Strain MIL-1^T was isolated from sea water/sediment samples that were collected in the harbour of Milazzo, Sicily, Italy, from a depth of about 5 m, by using an enrichment culture with 0·2 % (v/v) n-tetradecane as the sole carbon source in ONR7a mineral medium (Dyksterhouse et al., 1995). Replicate tenfold dilutions of the primary enrichment were made in 10 ml ONR7a mineral medium that was supplemented with sterile n-tetradecane (0·2 %, v/v). Tubes were incubated in the dark at 20 °C until turbidity changes due to bacterial growth ceased (approx. 2 weeks). Positive tubes that represented the highest dilution (10^-5) were plated further onto solid ONR7a mineral medium that was supplemented with n-tetradecane; single colonies were observed after 7 days incubation.

Growth conditions and phenotypic analysis.
The isolate was cultivated aerobically in ONR7a medium that was supplemented with 0·2 % (v/v) n-tetradecane. Bacto agar (Difco) (15 g l^-1) was added for the preparation of solid medium. For all phenotypic tests, cultures were pre-grown in ONR7a medium that was supplemented with n-hexadecane. Growth under anaerobic conditions and utilization of carbon sources were determined and routine tests were carried out as described previously (Golyshin et al., 2002).
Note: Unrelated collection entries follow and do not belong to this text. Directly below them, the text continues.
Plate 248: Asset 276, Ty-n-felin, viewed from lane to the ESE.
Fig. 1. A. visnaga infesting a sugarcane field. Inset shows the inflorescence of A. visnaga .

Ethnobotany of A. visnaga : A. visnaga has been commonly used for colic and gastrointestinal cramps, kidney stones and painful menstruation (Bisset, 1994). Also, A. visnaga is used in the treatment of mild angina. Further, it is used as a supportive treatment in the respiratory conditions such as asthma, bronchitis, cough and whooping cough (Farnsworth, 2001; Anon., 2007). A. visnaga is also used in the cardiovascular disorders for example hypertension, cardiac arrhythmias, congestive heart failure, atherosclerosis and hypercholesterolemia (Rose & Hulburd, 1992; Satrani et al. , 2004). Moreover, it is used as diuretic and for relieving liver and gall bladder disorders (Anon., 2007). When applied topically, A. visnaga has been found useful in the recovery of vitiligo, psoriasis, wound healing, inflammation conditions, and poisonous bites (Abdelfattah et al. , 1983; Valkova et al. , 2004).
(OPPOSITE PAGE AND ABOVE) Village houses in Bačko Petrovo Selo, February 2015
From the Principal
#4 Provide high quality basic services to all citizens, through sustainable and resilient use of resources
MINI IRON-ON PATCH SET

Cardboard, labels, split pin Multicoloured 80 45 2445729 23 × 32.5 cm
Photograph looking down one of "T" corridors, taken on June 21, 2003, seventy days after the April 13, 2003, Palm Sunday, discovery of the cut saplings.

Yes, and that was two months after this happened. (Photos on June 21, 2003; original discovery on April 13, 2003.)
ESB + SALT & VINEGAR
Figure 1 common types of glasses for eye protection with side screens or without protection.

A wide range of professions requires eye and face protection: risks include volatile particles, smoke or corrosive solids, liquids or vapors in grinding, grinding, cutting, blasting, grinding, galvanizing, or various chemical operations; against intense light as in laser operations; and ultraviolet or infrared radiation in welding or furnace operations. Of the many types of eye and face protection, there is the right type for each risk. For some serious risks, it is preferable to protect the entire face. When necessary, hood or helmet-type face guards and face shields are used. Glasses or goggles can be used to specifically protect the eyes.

The effects of hydrocarbons, salinity and temperature on growth were also examined. The capacity of various aliphatic hydrocarbons to serve as the sole source of carbon and energy was determined at 20 °C in liquid ONR7a medium. Substrates were sterilized separately and added aseptically at 0·2 % (v/v). To determine the salinity range for growth, ONR7a medium that contained no sodium ions and was supplemented with n-tetradecane was prepared by adjustment with appropriate concentrations of NaCl [0·01–2·0 M, i.e. 0·06–12 % (w/v)]. Temperature range for growth was determined by incubation of cultures in the same medium at 4, 10, 15, 20, 25 and 30 °C. In all experiments, growth was scored by measuring OD₆₀₀. Five replicates of test cultures of each strain were analysed after three serial transfers under identical conditions.

Electron microscopy.
The isolate was cultivated aerobically in ONR7a medium that was supplemented with 0·2 % (v/v) n-tetradecane; cells in mid-exponential growth phase were sedimented and fixed in 5 % glutaraldehyde that was buffered with 50 mM PBS, pH 7·1. Negative-staining, shadow-casting, embedding and ultra-thin sectioning were done according to methods described previously (Yakimov et al., 1998; Golyshina et al., 2000).
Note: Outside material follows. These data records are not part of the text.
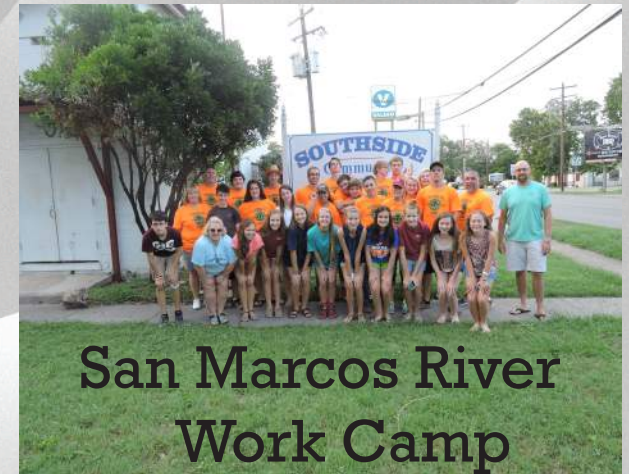
San Marcos River Work Camp

A project related to the Board of Missions of the United Methodist Church
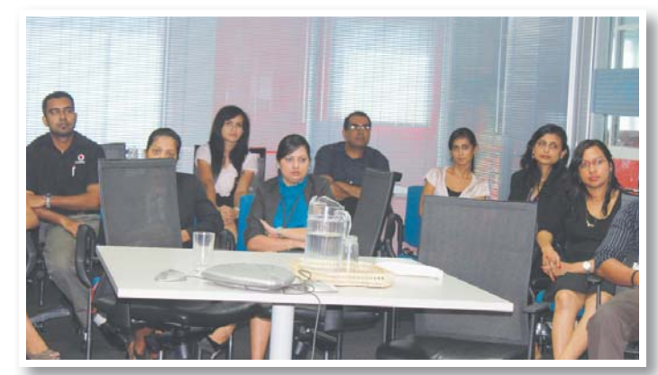
Vodafone staff attend a health and wellness symposium

comprising of professionals, oversees the operation of the mHealth service.
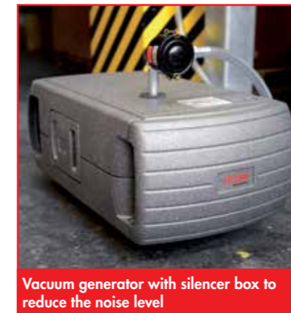
Vacuum generator with silencer box to reduce the noise level
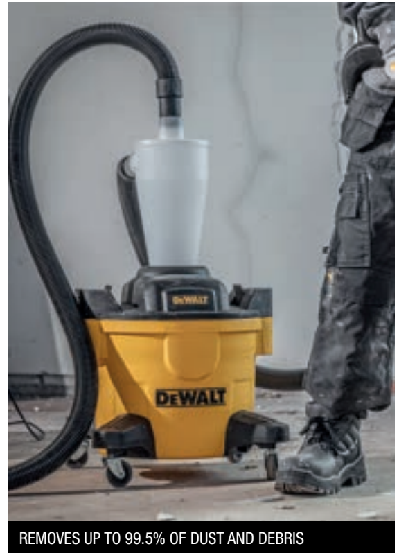
REMOVES UP TO 99.5% OF DUST AND DEBRIS
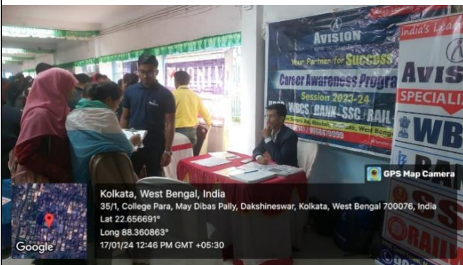
Kolkata, West Bengal, India 35/1, College Para, May Dibas Pally, Dakshineswar, Kolkata, West Bengal 700076, India Lat 22.656691° Long 88.360863° 17/01/24 12:46 PM GMT +05:30
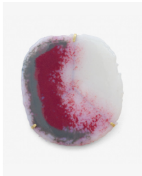
Studio Construction I , 2025 Kilnformed glass 10 3/4 x 9 3/4 x 1/2 in. 27.3 x 24.8 x 1.3 cm.
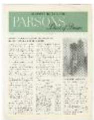
Alumni Bulletin Parsons School of Design (Jul 1952) (NS050601_PSDAlum_195207)

Cellular fatty acid analysis.
Lipids were extracted from mid-exponential cells that had been grown in ONR7a/tetradecane medium by using a modified Bligh–Dyer procedure (Bligh & Dyer, 1959). Later on, fatty acid methyl esters were generated and analysed by GC as described previously (Vancanneyt et al., 1996).

Phospholipid analysis.
Lipids of cells that had been harvested in the mid-exponential phase were extracted and polar lipids were separated by flash chromatography, as described previously (Abraham et al., 1997). The polar lipid fraction was analysed by using electrospray ionization in the negative mode in a quadrupol-time-of-flight mass spectrometer. Abundant molecular ions were separated and the parent ions then underwent collision-induced dissociations (CID); resulting fragments were finally detected in the time-of-flight part of the instrument.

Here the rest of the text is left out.